Maintained by: jimbe@google.com, shayba@google.com
This tutorial describes how to make calls in C++ and Dart using the FIDL interprocess communication (IPC) system in Fuchsia. FIDL stands for “Fuchsia Interface Definition Language”, but the word “FIDL” is commonly used to refer to the infrastructure required to make these calls, including the FIDL language, compiler and the generated bindings.
The Fuchsia operating system has no innate knowledge of FIDL. The FIDL bindings use a standard channel communication mechanism in Fuchsia. The FIDL bindings and libraries enforce a set of semantic behavior and persistence formats on how that channel is used.
For details on the design and implementation of FIDL, see zircon/docs/fidl/.
See the instructions for getting and building Fuchsia.

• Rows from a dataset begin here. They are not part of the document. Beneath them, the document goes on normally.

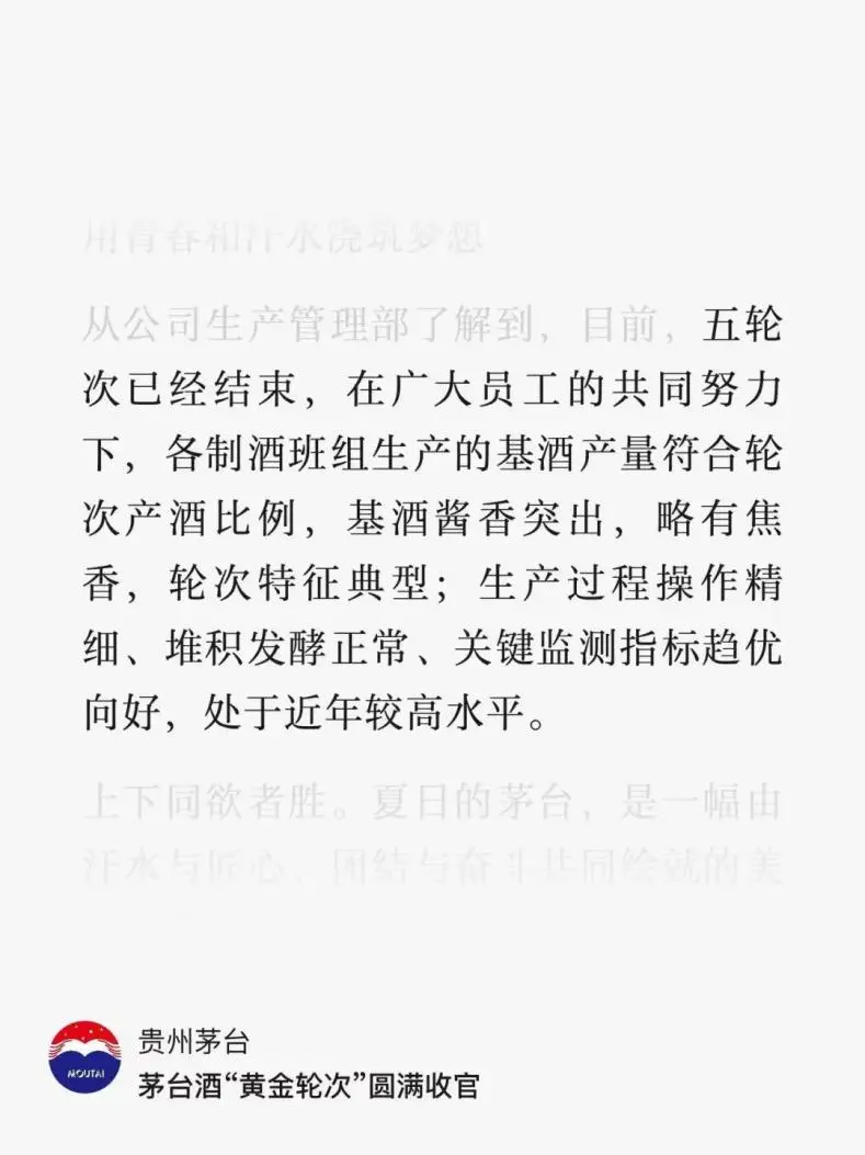 公司7月26日官微上发布(该文披露,2024年7月26日,五轮次基酒生产结束)过对五轮次的总结: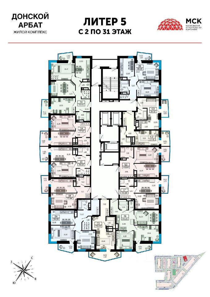 - Монолитно-каркасная технология строительства. - Облицовка кирпич в соответствии с ГОСТом - Срок ввода в эксплуатацию II квартал 2025 года. - 5 литеров по 17-32 этажа. - Расположен в центре города. - Благоустроенный двор с детскими и спортивными площадками. - Наземный паркинг. - Магазины в доме. - Консьерж-сервис. - Квартиры разных форматов.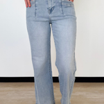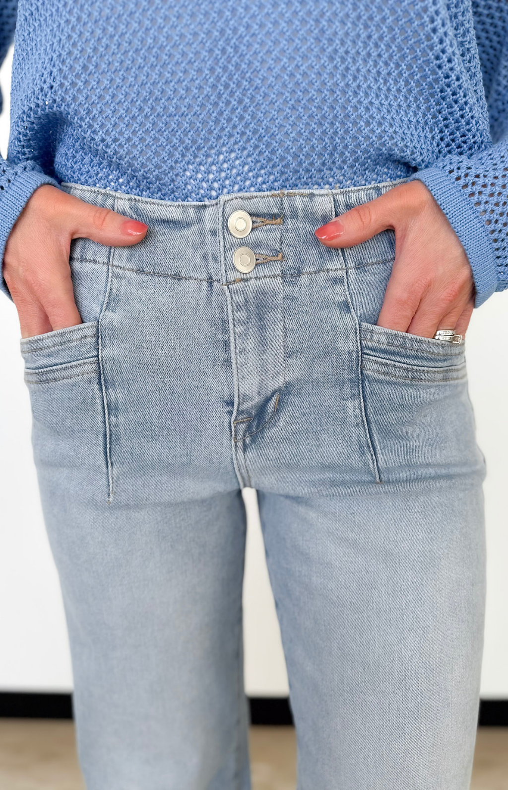 These light wash wide leg jeans are a spring and summer dream for busy, everyday style. The super high-rise waistband with a double button and zip closure gives you a flattering, held-in fit that feels secure and comfortable all day long. The wide leg silhouette keeps things breezy and on-trend, perfect for warm weather dressing.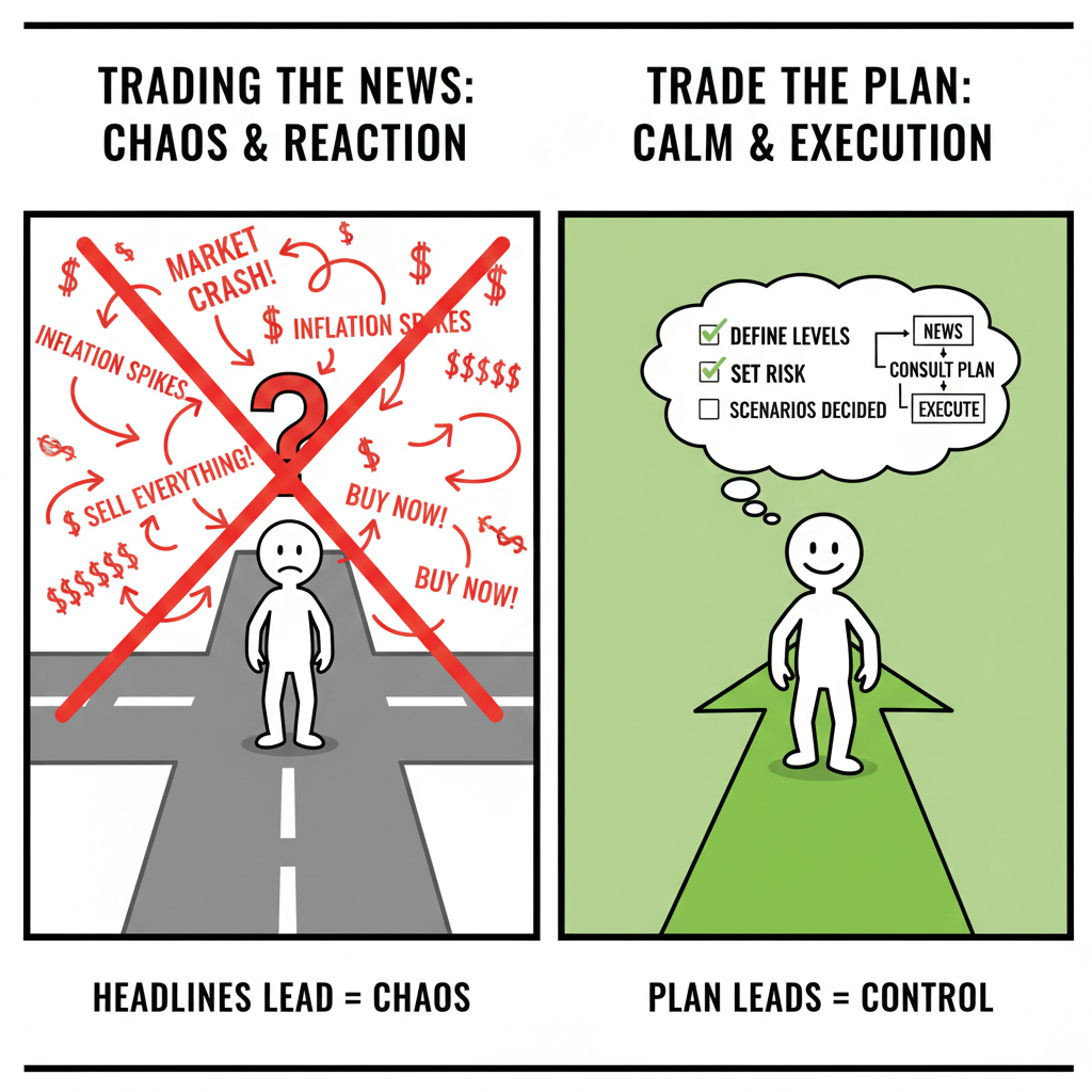 Strong traders decide before the noise. They define levels, risk, and scenarios in advance. When news hits, they already know what they will do. The plan leads. Headlines follow.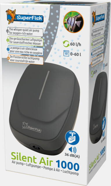 De Superfish Silent Air 1000 is gebouwd voor langdurig gebruik en wordt geleverd met 2 jaar garantie. Dit geeft extra zekerheid dat je een product in huis haalt dat niet alleen stil en efficiënt is, maar ook betrouwbaar. Superfish staat bekend om zijn degelijke aquariumtechniek, en deze luchtpomp is daarop geen uitzondering. Dankzij de solide constructie, het stille ontwerp en de energiezuinige werking is dit een investering waar je jarenlang plezier van hebt.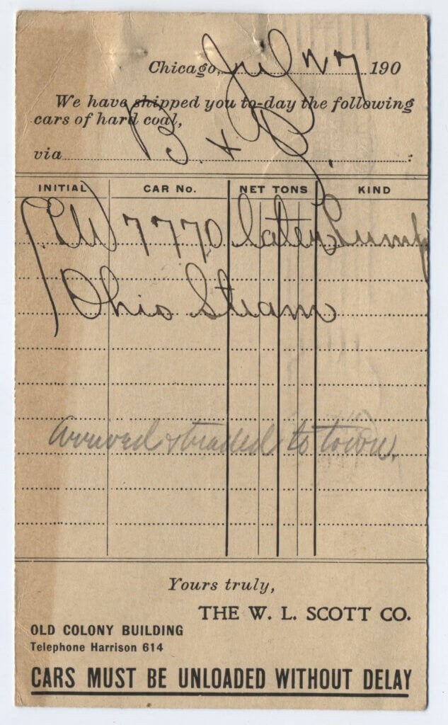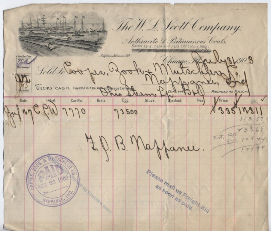 These coal receipts are from the stash of old Coppes, Zook & Mutschler Co. business receipts. This latest box has receipts dated between 1902 – 1906. I’m sure we don’t have all the receipts from any one company in the same box. What we do have from this company covers the period from May 22, 1903, to Feb 12, 1904, almost a full year. In this box there were nineteen coal receipts from the W. L. SCOTT Co. Chicago, Ill, covering shipments in 24 railroad cars ( some receipts listed 2 cars). We will likely find more coal receipts in other boxes. I think the price is consistent at $3.50 per ton, but less the cost of shipment. C,Z & M Co. purchased 710 tons of coal in this period at a cost of $2485.00. The freight cost is only noted on a few of the receipts and usually amounted to approx. $60.00 per rail car, depending on the net weight. If I multiply the avg. freight cost ($60.00) times 24 railcars and subtract that amount from what C,Z & M Co. paid, the answer will be $1045.00, or about $1.47 per ton of coal.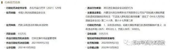 值得关注的是,在2021年9月,内蒙古科然生物高新技术有限责任公司还曾因“其它违反食品安全法规的行为”,收到过巴林左旗市场监督管理局开出的罚单。行政处罚决定书文号: 赤左市监行罚字〔2021〕129号。
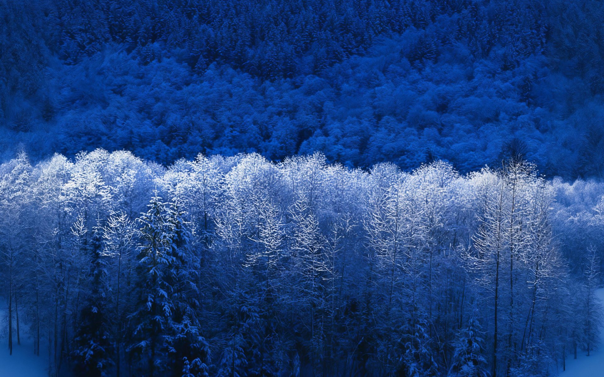 Обои: Windows XP обои, зимний лес, синий - 1920x1200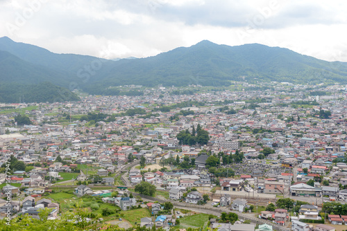 © GypsyGraphy, Fototapeta premium Ariel view of small town with mountain in background, Shimoyoshida in Yamanashi, Japan.

Most examples we will use for this tutorial are located in Garnet at: https://fuchsia.googlesource.com/garnet/+/master/examples/fidl/
Dart examples are in Topaz at: https://fuchsia.googlesource.com/topaz/+/master/examples/fidl/
While you're reading on, warm up your build:
# You'll need Topaz for Dart later fx set-layer topaz # Also include garnet examples when building Topaz fx set x64 --packages topaz/packages/default,garnet/packages/examples/fidl fx full-build
Alternatively if you're not interested in Dart:
fx set-layer garnet fx full-build
FIDL is organized like so:
A FIDL Application is software that's designed to work with FIDL interfaces. The primary thread in a FIDL application usually has a run loop to dispatch calls and may have additional threads with run loops.
An application is called through its Interface(s). Interfaces are reusable and can be vended by multiple applications. An interface is defined with the Fuchsia Interface Definition Language (IDL). The classes that bind an interface to a language are generated by the FIDL compiler.
An application almost always implements the ServiceProvider interface, which returns interfaces based on the name of the service. The FIDL client library provides default implementations of ServiceProvider for all supported languages.
A Service is your implementation of an interface. Therefore, within a particular FIDL application, there is one service per interface. In the FIDL client library, you will see calls like AddPublicService() or ConnectToService().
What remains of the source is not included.